The lumen fades and disappears.
‘It can’t be you,’ Mungo murmurs. But recognition sparks at last in the stricken eyes that study Fox’s face. Where could you have hidden all these years? How could you do this to your mother – no, this is outrageous, impossible.’ He shakes his head, takes another step backwards.
‘You left
my identity in the system,’ Fox reminds his father. ‘Why do that if you believed I was dead?’
‘That would have been your mother,’ Mungo says, after a pause. ‘She never accepted your death.’
Fox hears pain in his father’s voice. They seem to stare at each other across a gulf of time.
‘If – if it’s you – where have you been?’ his father demands. ‘Which city? Why did you disappear?’
‘I’ve been living in the drowned ruins at the foot of this city.’
‘Don’t be ridiculous! No one could survive there.’
‘Look.’ Fox holds out his begrimed hands. ‘This is dirt. Earth.’ He pulls open the leather collar of his jacket to show his father patches of infected skin on his neck and chest. ‘Insect bites. You know there are flood refugees surviving outside the wall. You know what’s outside. I survived – just as they do. Some of them.’
‘David,’ murmurs his father. ‘What are you? What have you become?’
Fox looks into his father’s bewildered face. Mungo’s power struggles in the empire have fascinated his son as he tracked all his doings, stealthily, in the news stations of the Noos. With a clench of his heart Fox now sees in his father a glimmer of his own self: the same dream-chasing spirit that drove Caledon to create the sky empire is behind Mungo’s plots and schemes, and drives Fox now. That spirit lives on in Lily, who chased her dream through a mountain, risking her young life to find him.

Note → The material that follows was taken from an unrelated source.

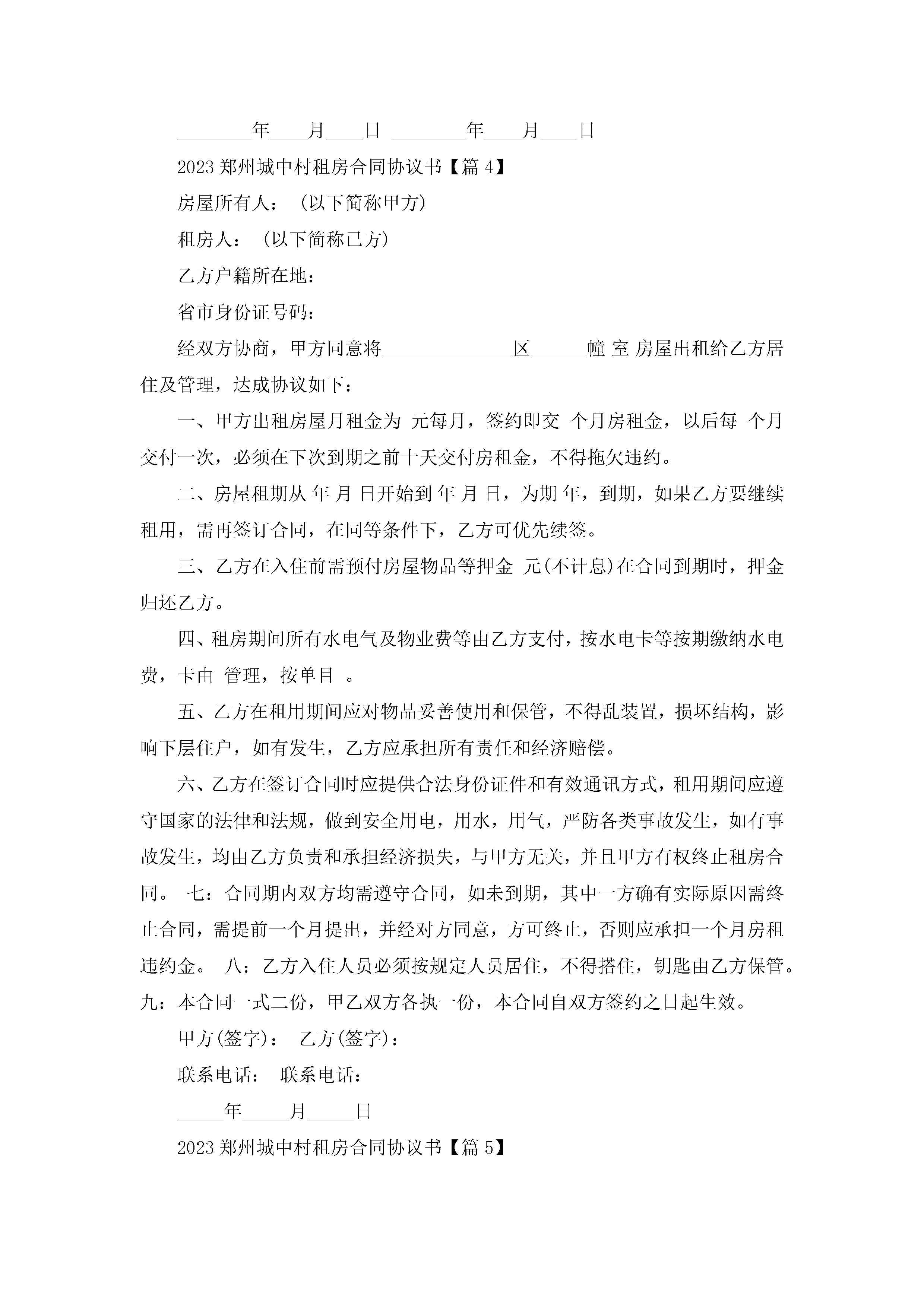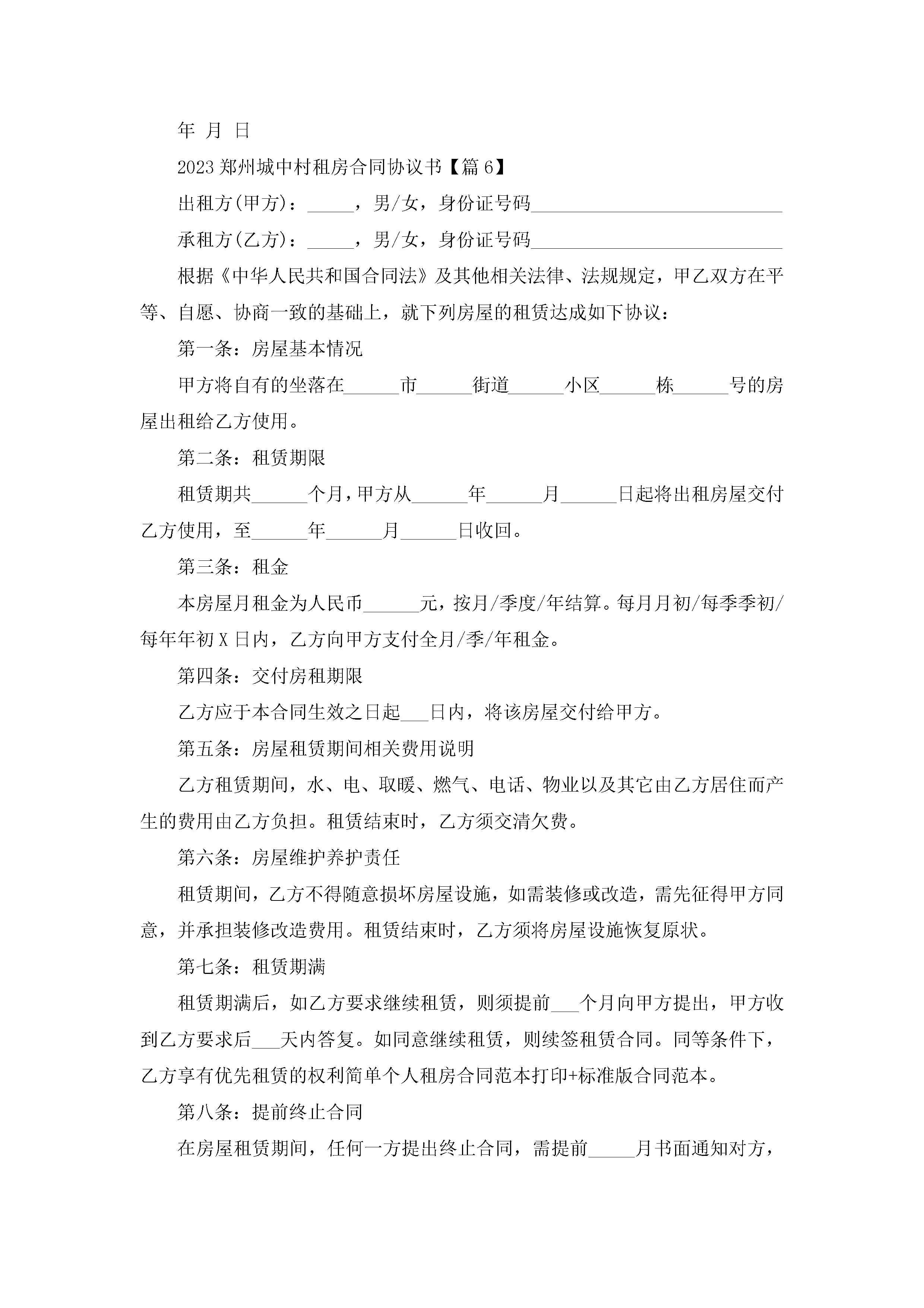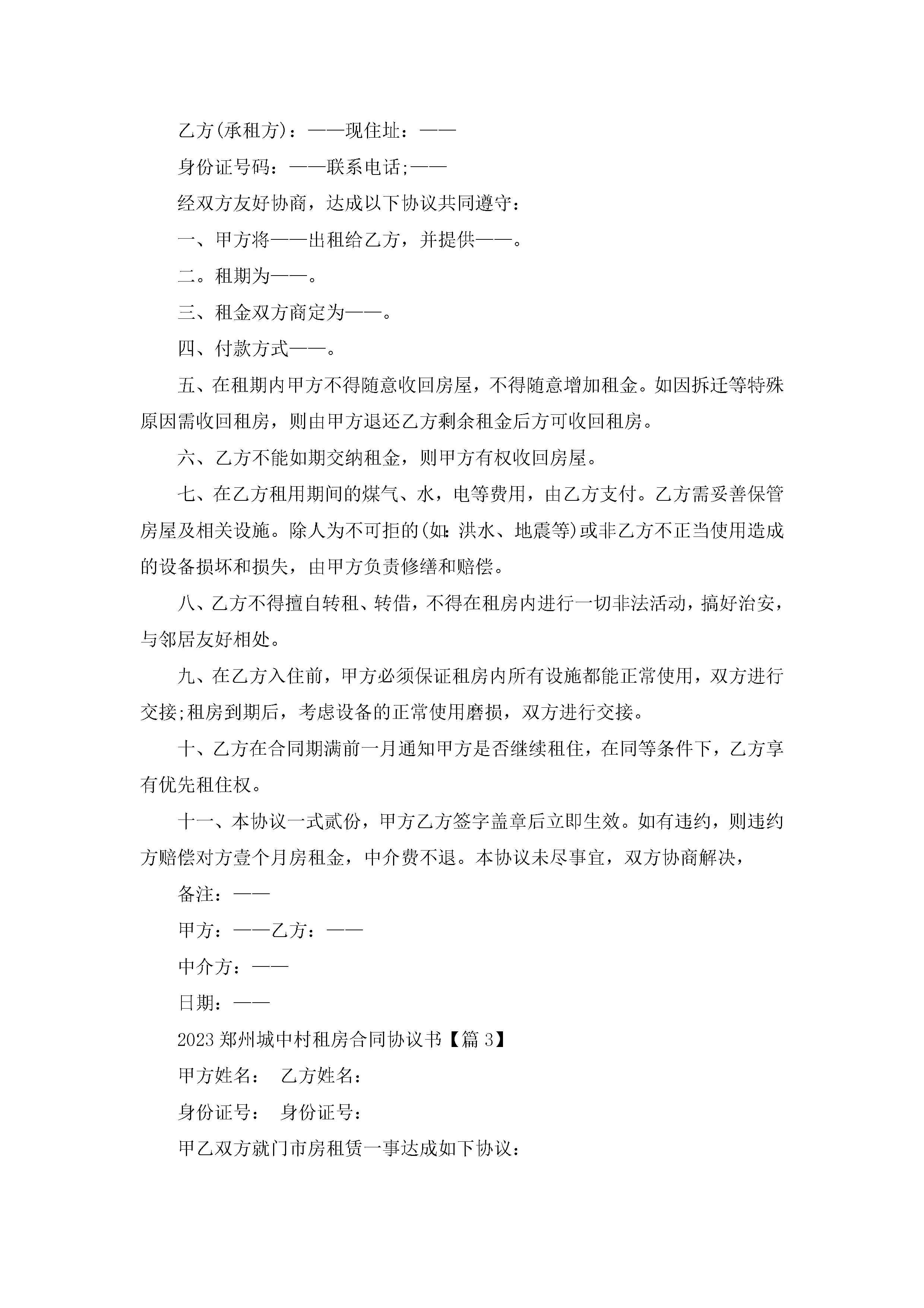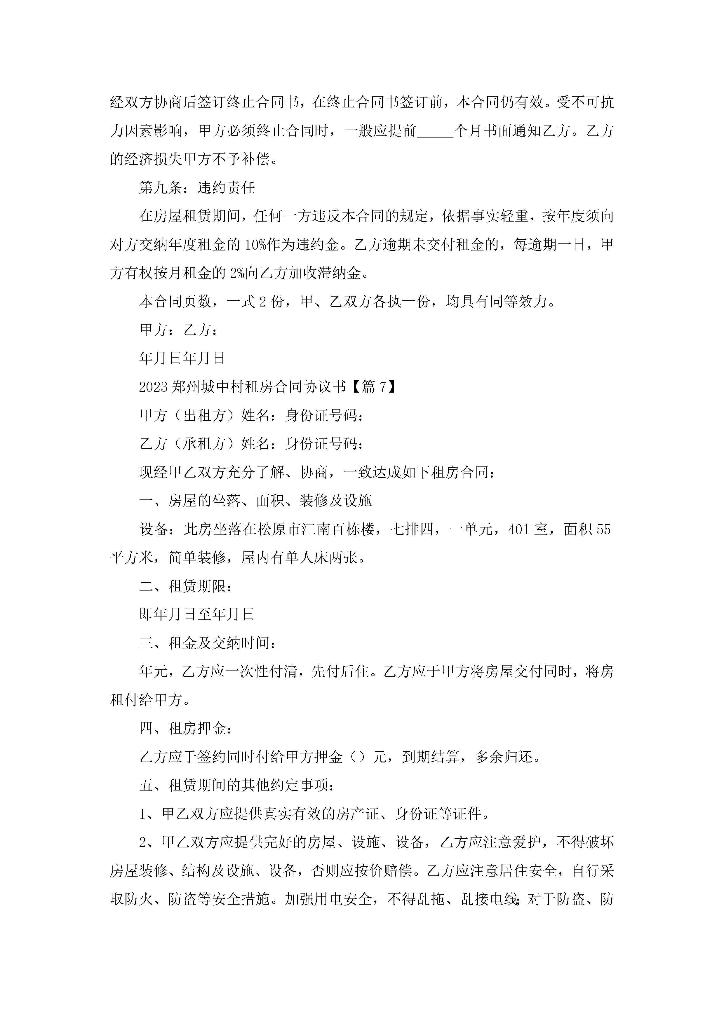 2023郑州城中村租房合同协议书(通用7篇)jugei3月22日 01:32发布关注249 2023郑州城中村租房合同协议书(通用7篇)此内容为付费资源,请付费后查看¥10.9 单篇文档限时特惠¥15个人会员开通企业会员开通立即下载无需登陆!可直接快捷下载单个模板付费资源© 版权声明THE ENDWord模板# 实用文档# 实用模板# 信函模板# 协议书 如有问题,可点击最底部“联系我们”联系客服 分享QQ空间微博QQ好友海报分享复制链接收藏

The dreamers of the day are the dangerous men, his book of rebel wisdom said. They are the ones who act with eyes wide open to make their dreams come true.
A family of dreamers, all of us, Fox sees; for good and for bad.
‘Your David did die,’ he tells his father, ‘but I lived on. I am Fox and I lead the Surge – the last survivors of the Great Floods. War is on your doorstep, Dad. My Surgents have amassed all across the world. We are breaking through your walls. We are outside and inside every city. We are in the Noos. We are here,’ he says as the tremor of an explosion vibrates in the room. ‘There are Surgent fleets in the Northlands and other high lands of the Earth, all ready to fight the invasions of your empire. How many fighters do you have? How many thousands? Do you know how many flood refugees there are in the world? Millions, Dad. And I have roused them. The empire will ultimately lose.’